→ Try it:
In the records below, repeat word for word only the lines starting at the one that contains "[서울=뉴시스] 홍효식 기자" and ending at the one that contains "Despois de proceder", pictures excluded.

→ Stored data:
# # # #
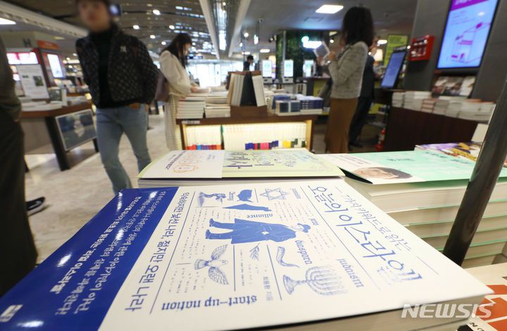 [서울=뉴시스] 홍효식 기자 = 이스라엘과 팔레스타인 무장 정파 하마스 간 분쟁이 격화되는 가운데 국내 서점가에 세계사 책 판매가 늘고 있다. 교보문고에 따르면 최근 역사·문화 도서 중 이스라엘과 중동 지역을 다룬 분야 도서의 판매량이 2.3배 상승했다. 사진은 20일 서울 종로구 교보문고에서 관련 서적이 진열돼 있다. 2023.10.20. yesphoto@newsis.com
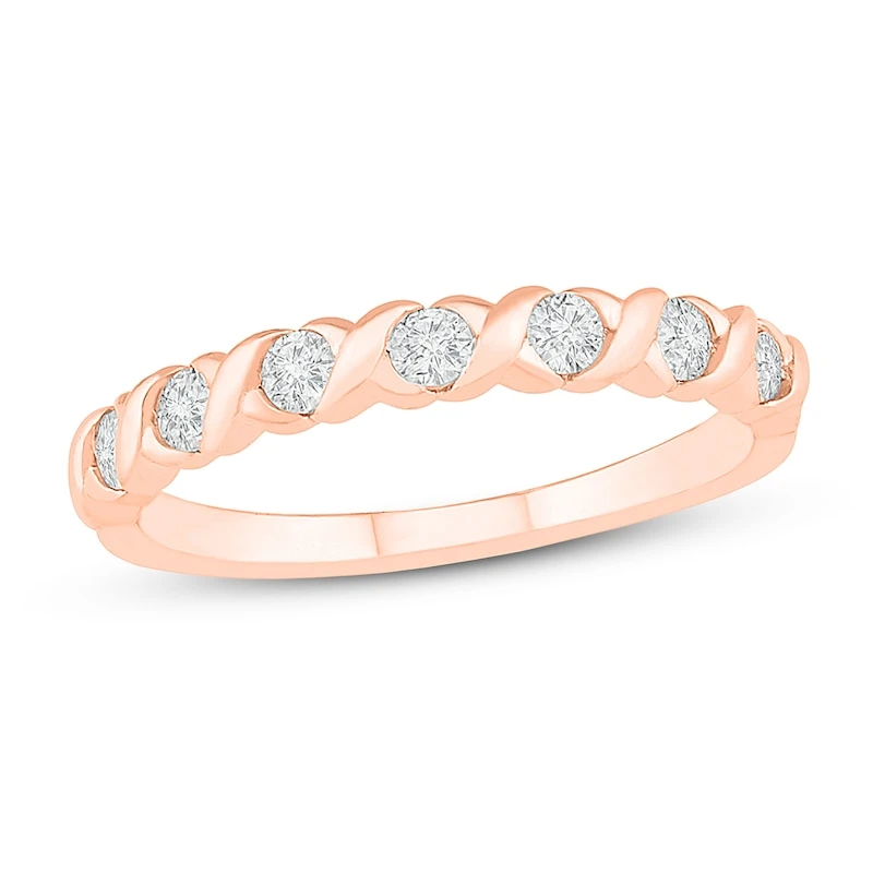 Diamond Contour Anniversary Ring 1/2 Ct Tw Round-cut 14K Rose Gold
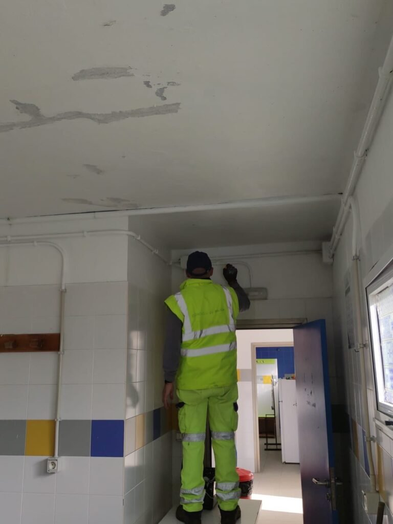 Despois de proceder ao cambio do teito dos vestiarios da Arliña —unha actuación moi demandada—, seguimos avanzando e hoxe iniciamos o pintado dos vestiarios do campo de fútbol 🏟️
# # # #
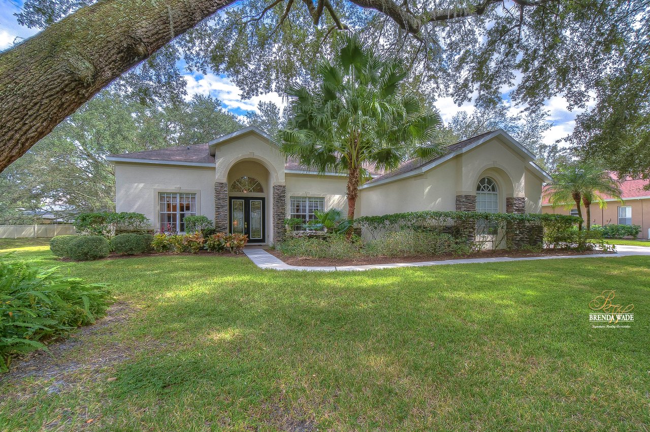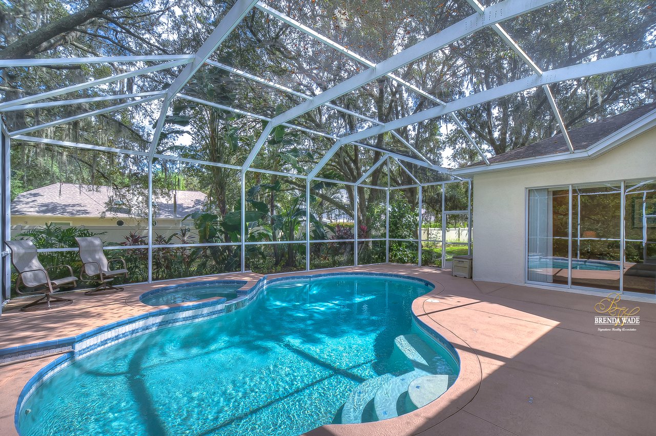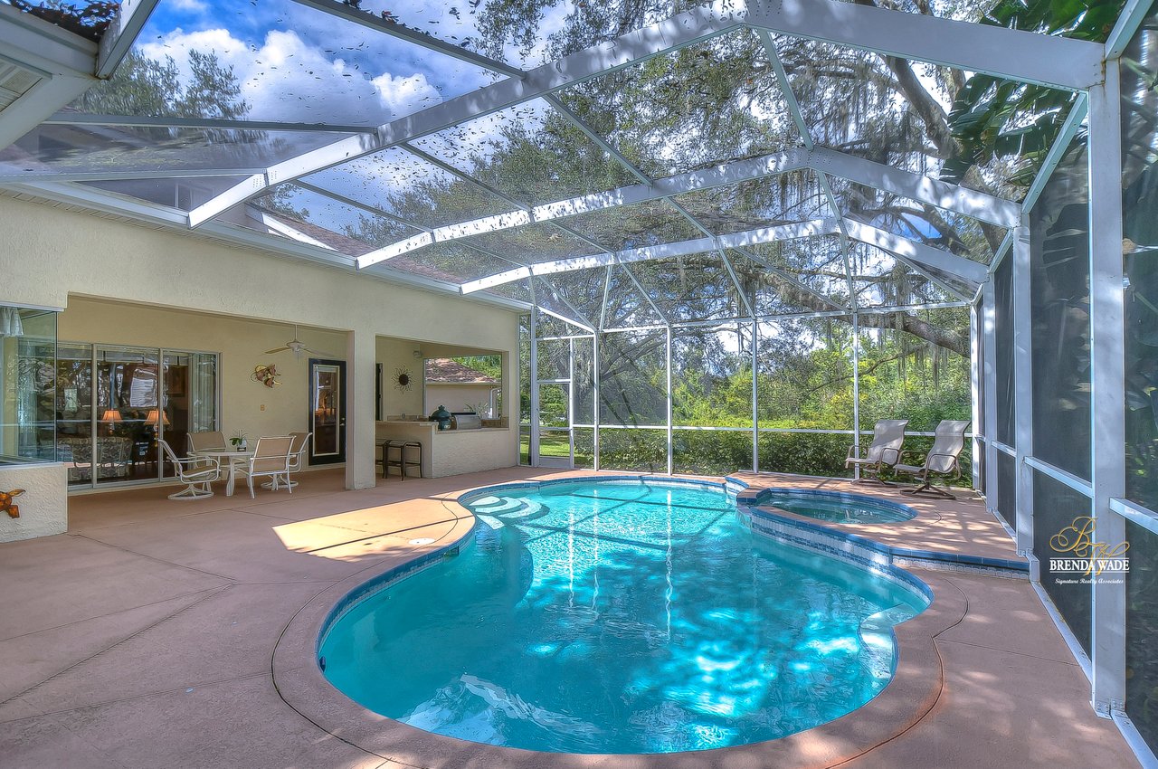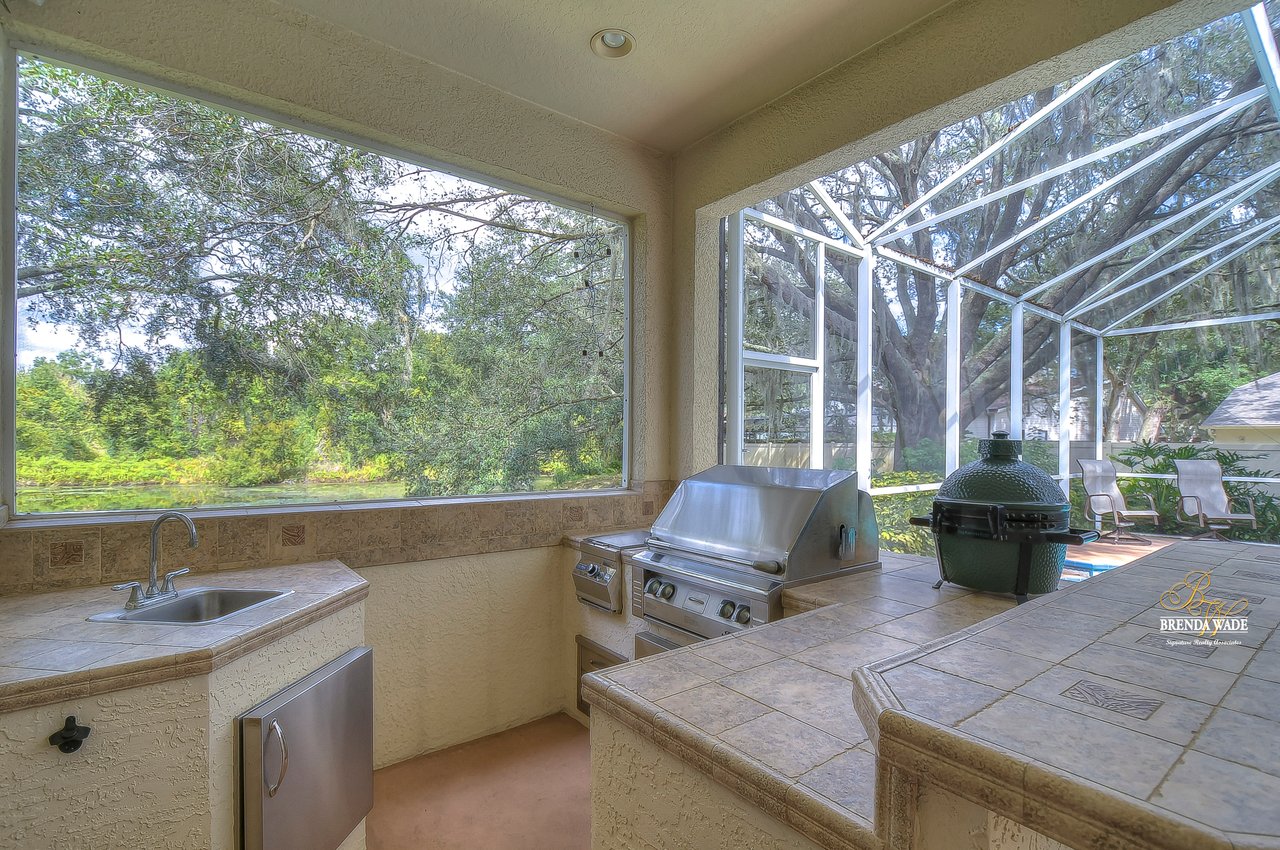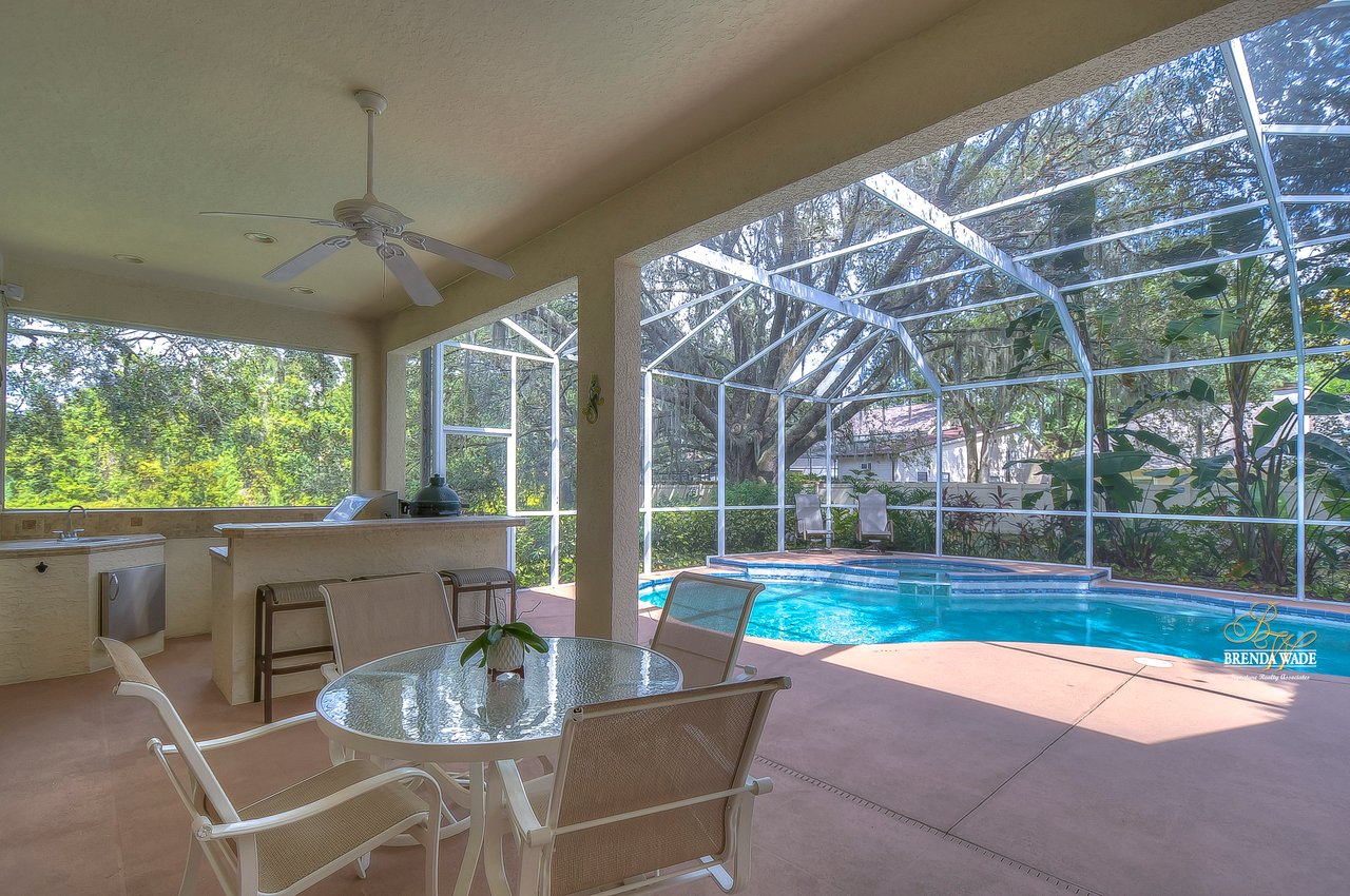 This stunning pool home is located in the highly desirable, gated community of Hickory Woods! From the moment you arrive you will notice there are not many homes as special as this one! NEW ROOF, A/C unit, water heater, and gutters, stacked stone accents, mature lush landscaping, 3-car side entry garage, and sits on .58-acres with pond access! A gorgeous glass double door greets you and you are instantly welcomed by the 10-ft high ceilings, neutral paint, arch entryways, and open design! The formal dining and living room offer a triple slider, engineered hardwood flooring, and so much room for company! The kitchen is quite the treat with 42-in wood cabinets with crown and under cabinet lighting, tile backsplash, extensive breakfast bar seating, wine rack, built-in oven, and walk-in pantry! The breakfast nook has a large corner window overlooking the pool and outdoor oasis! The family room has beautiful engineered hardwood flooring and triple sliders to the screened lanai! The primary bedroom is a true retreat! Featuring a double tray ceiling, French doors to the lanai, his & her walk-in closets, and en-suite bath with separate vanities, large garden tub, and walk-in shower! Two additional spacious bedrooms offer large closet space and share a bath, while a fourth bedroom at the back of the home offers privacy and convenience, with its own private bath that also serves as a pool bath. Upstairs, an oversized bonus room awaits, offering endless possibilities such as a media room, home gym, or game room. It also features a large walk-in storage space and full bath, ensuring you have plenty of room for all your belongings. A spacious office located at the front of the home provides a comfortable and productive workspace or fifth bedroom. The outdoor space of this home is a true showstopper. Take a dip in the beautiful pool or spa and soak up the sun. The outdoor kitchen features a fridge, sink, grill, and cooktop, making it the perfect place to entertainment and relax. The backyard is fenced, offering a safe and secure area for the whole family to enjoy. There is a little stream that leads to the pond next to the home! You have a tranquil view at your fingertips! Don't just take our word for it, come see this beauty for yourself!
# # # #
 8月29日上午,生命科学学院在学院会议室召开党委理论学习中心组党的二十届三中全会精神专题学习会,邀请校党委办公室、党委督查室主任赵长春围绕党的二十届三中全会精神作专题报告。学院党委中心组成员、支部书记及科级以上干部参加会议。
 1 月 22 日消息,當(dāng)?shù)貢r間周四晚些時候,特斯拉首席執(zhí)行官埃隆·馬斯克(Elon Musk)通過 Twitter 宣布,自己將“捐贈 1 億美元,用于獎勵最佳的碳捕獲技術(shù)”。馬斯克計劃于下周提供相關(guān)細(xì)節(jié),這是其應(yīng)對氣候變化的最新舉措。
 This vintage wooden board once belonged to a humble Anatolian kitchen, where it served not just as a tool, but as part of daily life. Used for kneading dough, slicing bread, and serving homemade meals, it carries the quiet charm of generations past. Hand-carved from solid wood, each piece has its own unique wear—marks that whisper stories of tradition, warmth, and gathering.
# # # #
→ Answer section:
 [서울=뉴시스] 홍효식 기자 = 이스라엘과 팔레스타인 무장 정파 하마스 간 분쟁이 격화되는 가운데 국내 서점가에 세계사 책 판매가 늘고 있다. 교보문고에 따르면 최근 역사·문화 도서 중 이스라엘과 중동 지역을 다룬 분야 도서의 판매량이 2.3배 상승했다. 사진은 20일 서울 종로구 교보문고에서 관련 서적이 진열돼 있다. 2023.10.20. yesphoto@newsis.com
 Diamond Contour Anniversary Ring 1/2 Ct Tw Round-cut 14K Rose Gold
 Despois de proceder ao cambio do teito dos vestiarios da Arliña —unha actuación moi demandada—, seguimos avanzando e hoxe iniciamos o pintado dos vestiarios do campo de fútbol 🏟️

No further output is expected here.